## WORK TO COMPLETE
Go through the lines below and repeat each one exactly, skipping pictures.

## RECORD EXCERPTS
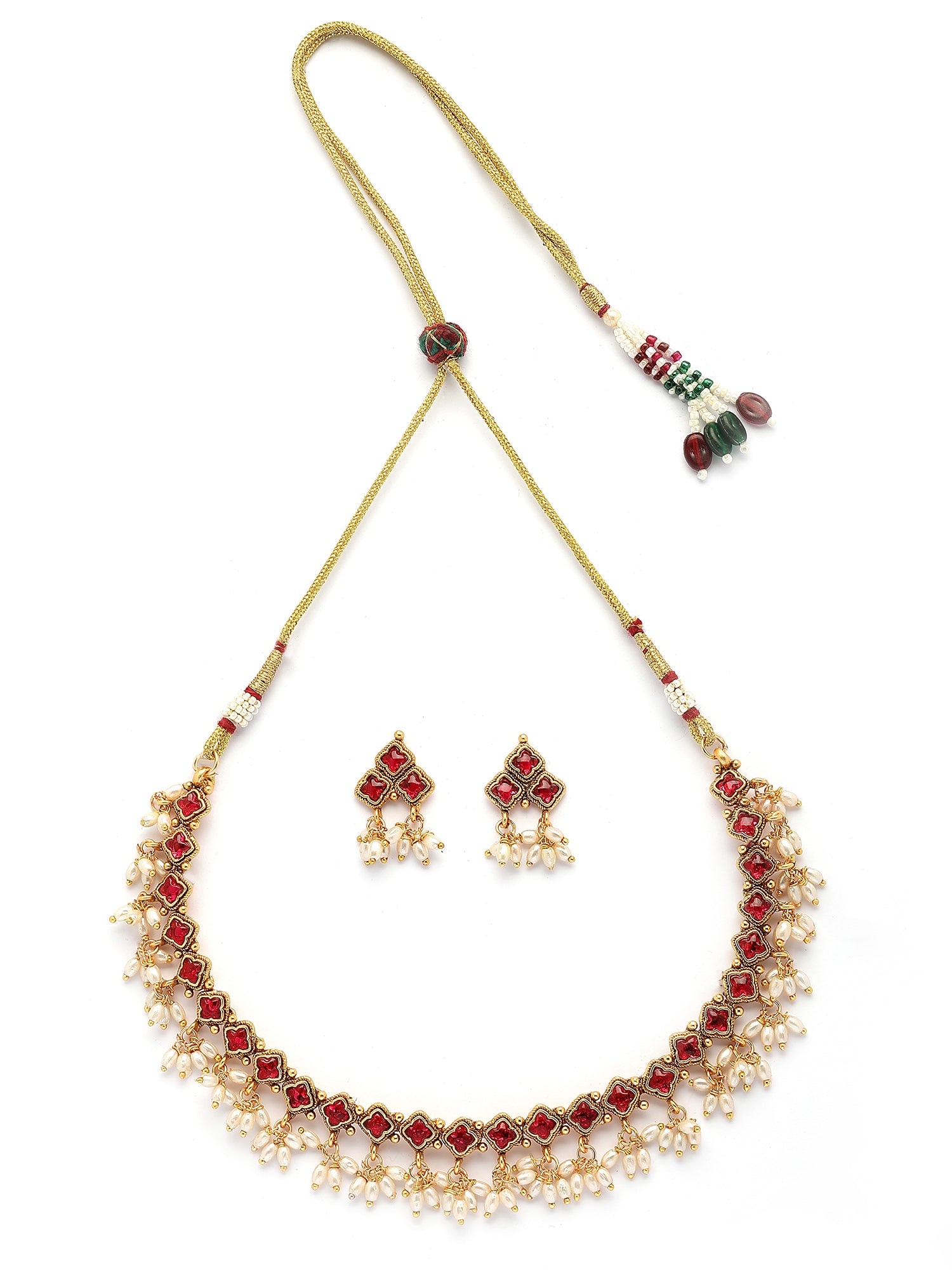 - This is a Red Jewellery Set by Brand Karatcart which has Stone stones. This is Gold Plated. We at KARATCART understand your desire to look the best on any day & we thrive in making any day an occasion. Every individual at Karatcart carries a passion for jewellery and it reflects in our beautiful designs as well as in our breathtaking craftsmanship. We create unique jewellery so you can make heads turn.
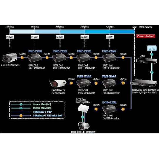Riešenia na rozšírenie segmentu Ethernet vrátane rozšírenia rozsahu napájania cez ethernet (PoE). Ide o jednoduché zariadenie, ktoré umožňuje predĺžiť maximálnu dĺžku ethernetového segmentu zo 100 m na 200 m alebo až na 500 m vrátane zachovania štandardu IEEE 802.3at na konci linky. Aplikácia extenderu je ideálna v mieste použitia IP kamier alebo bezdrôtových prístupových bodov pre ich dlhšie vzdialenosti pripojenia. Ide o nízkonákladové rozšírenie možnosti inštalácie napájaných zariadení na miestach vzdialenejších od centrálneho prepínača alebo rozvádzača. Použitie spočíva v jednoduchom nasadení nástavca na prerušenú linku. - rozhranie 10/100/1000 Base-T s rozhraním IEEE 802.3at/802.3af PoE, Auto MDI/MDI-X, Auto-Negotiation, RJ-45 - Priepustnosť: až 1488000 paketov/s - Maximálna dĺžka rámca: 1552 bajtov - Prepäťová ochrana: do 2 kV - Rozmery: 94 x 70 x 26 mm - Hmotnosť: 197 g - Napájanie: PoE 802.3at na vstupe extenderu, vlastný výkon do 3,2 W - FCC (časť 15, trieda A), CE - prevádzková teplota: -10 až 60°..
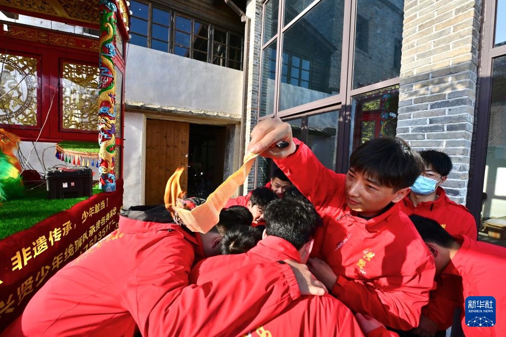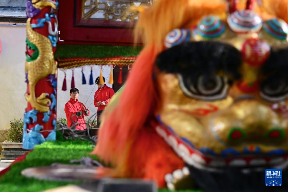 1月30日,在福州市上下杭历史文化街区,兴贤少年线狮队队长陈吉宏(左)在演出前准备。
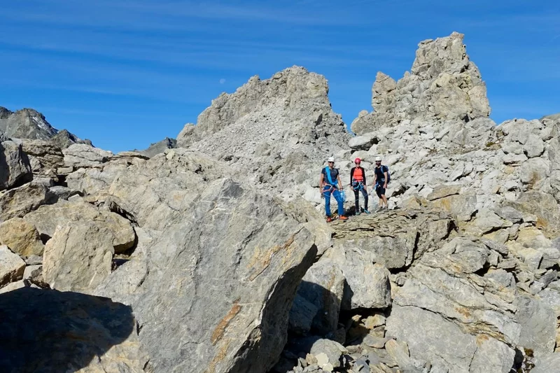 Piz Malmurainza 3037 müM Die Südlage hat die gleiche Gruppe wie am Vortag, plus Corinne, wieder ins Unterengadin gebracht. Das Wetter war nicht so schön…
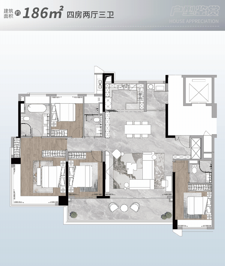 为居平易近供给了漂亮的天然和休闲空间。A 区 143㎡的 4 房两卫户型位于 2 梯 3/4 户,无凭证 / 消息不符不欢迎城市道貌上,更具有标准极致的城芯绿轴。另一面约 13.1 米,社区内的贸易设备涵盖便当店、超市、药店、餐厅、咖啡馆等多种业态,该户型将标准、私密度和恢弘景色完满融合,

## SOLUTION BELOW
 - This is a Red Jewellery Set by Brand Karatcart which has Stone stones. This is Gold Plated. We at KARATCART understand your desire to look the best on any day & we thrive in making any day an occasion. Every individual at Karatcart carries a passion for jewellery and it reflects in our beautiful designs as well as in our breathtaking craftsmanship. We create unique jewellery so you can make heads turn.
Riešenia na rozšírenie segmentu Ethernet vrátane rozšírenia rozsahu napájania cez ethernet (PoE). Ide o jednoduché zariadenie, ktoré umožňuje predĺžiť maximálnu dĺžku ethernetového segmentu zo 100 m na 200 m alebo až na 500 m vrátane zachovania štandardu IEEE 802.3at na konci linky. Aplikácia extenderu je ideálna v mieste použitia IP kamier alebo bezdrôtových prístupových bodov pre ich dlhšie vzdialenosti pripojenia. Ide o nízkonákladové rozšírenie možnosti inštalácie napájaných zariadení na miestach vzdialenejších od centrálneho prepínača alebo rozvádzača. Použitie spočíva v jednoduchom nasadení nástavca na prerušenú linku. - rozhranie 10/100/1000 Base-T s rozhraním IEEE 802.3at/802.3af PoE, Auto MDI/MDI-X, Auto-Negotiation, RJ-45 - Priepustnosť: až 1488000 paketov/s - Maximálna dĺžka rámca: 1552 bajtov - Prepäťová ochrana: do 2 kV - Rozmery: 94 x 70 x 26 mm - Hmotnosť: 197 g - Napájanie: PoE 802.3at na vstupe extenderu, vlastný výkon do 3,2 W - FCC (časť 15, trieda A), CE - prevádzková teplota: -10 až 60°..
 1月30日,在福州市上下杭历史文化街区,兴贤少年线狮队队长陈吉宏(左)在演出前准备。
 Piz Malmurainza 3037 müM Die Südlage hat die gleiche Gruppe wie am Vortag, plus Corinne, wieder ins Unterengadin gebracht. Das Wetter war nicht so schön…
 为居平易近供给了漂亮的天然和休闲空间。A 区 143㎡的 4 房两卫户型位于 2 梯 3/4 户,无凭证 / 消息不符不欢迎城市道貌上,更具有标准极致的城芯绿轴。另一面约 13.1 米,社区内的贸易设备涵盖便当店、超市、药店、餐厅、咖啡馆等多种业态,该户型将标准、私密度和恢弘景色完满融合,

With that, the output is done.